Movers and SHAKERS
Image Credit H.B. Kang (Flickr)
Risk to Gold, Oil, and Stocks with Tapering
The largest single player in the financial markets is the U.S. Federal Reserve Bank. This is why anyone with assets, stocks, commodities, real estate, cryptocurrency, or debt securities should watch what they are watching. Gold traders are currently reacting based on this wisdom. The easier money comes from going with the Fed; this requires understanding the Fed's targets and motivations. Assessing when the Fed could alter its direction helps investors take money off the table before the move becomes a reality.
|Total nonfarm payroll employment rose by 943,000 in July, and the unemployment rate declined by 0.5 percentage point to 5.4 percent, the U.S. Bureau of Labor Statistics reported today. Notable job gains occurred in leisure and hospitality, in local government education, and in professional and business services.|
Employment Situation, July 2021 – BLS.gov
Gold’s Connection to Jobs Data
Gold dropped by 3.5% to $1,692.60 per ounce after the U.S. Department of Labor posted a much better than expected jobs report on Monday (August 9). The new data suggests that the Fed could soon have room to taper their buying of interest-bearing securities. As part of the Fed’s extremely easy monetary policy, the purchases have been ongoing since early last year. Should the Fed decide to taper sooner than planned, rates would move higher; higher rates strengthen demand for interest-bearing securities and deposits. The, “what may the Fed do?” thought process has commodity and other asset markets concerned.
Source Bloomberg: Gold Reverses its Recent Trend
Some of the degree of oil’s early reaction was likely due to thin trading volumes when Asian markets opened. Gold closed Friday 9Aug. 6) at 1813.30.
Impact on Other Markets
Pretty much every asset competes with the “risk-free” rate of U.S. treasuries. Rates have been so low for so long, investors have seen little reward in allocating to an asset class paying below the rate of inflation. The strength away from treasuries, from U.S. stocks, cryptocurrencies, even real estate is tied to money looking for a place to go to find a better return. The idea that the Fed may see a reason to raise rates and dampen concerns of an overheating, over-inflationary economy is now weighing on many sectors.
One hour into the stock market opening bell, Crude prices were down significantly. Remember, oil transactions are in U.S. Dollars. The Yen and Euro are weak against the dollar and the Dow and S&P are off with the Nasdaq up modestly.

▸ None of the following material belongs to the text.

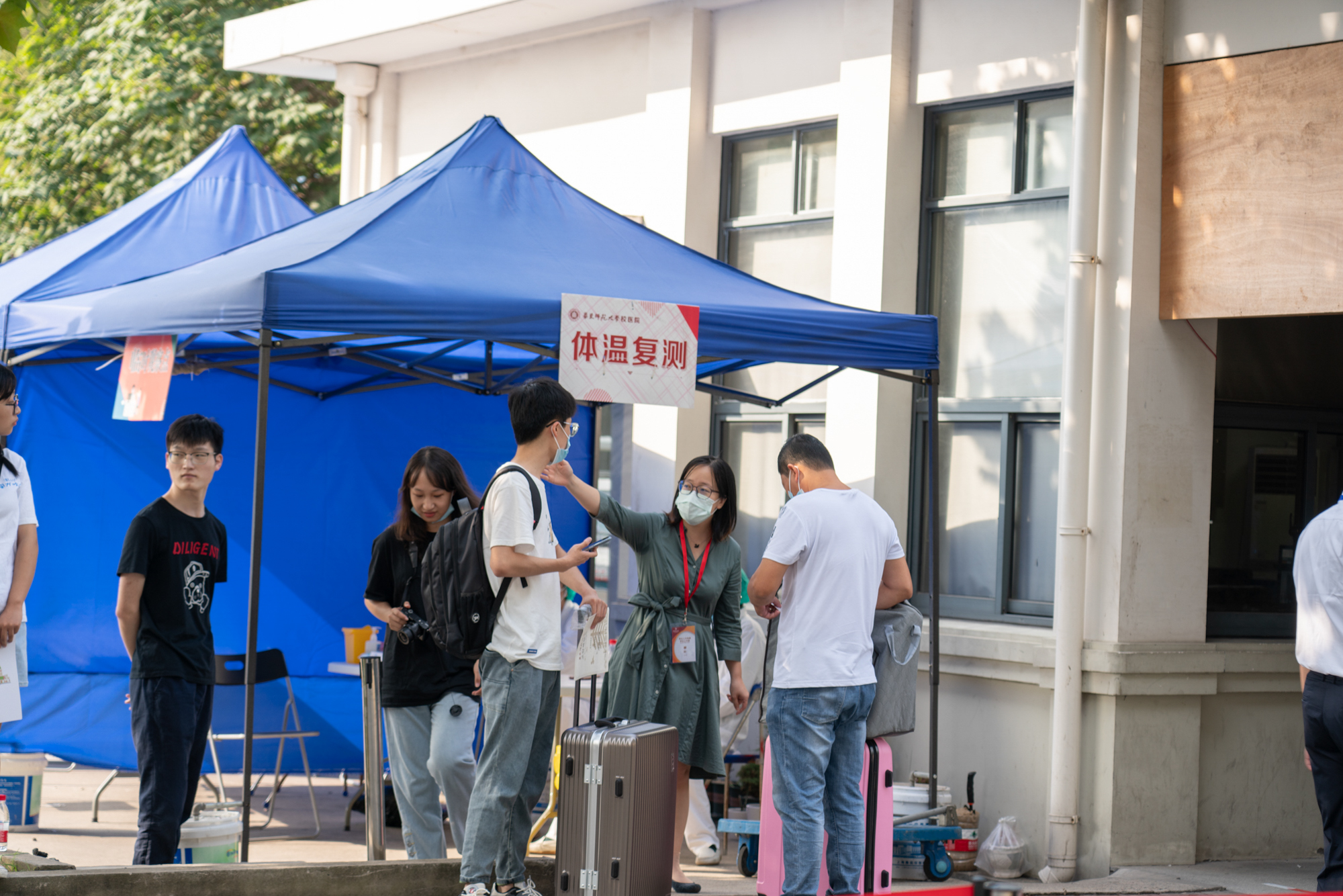 除了学生志愿者,来自学生工作部、研究生院的老师们更是全员上岗,在两校区各校门提供志愿服务,为新生及家长提供咨询引导。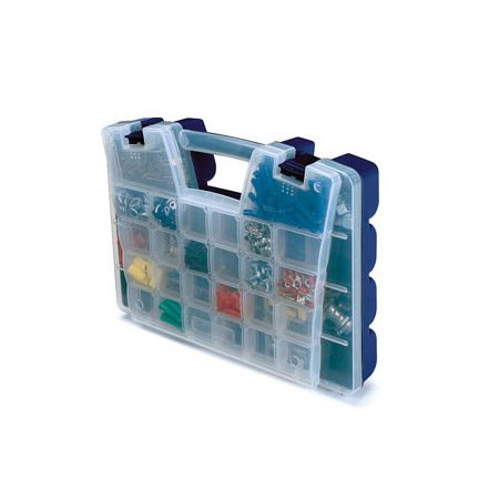 Adjustable and removable dividers provide flexibility. Snap locks compartments securely. Carrying handle for easy portability. See-through case allows you to locate items fast.

Source WSJ.com at 10:30 Monday (Aug. 9)
It’s difficult to find one piece of data that can clearly and definitively suggest this is the tipping point for Fed policy. The Fed has recently said it will be patient. One crosscurrent to the added jobs is talk of new cases of the coronavirus. This factor runs counter to the jobs data in that there is talk of slowing or reversing the return to work momentum. There is every reason to believe that the Fed will eventually have to end the easy money stance. When they do, the huge treasury market will increase in attractiveness. The market has thought they have seen the change in tide many times this year. The false starts up until now have largely turned out to be buying opportunities.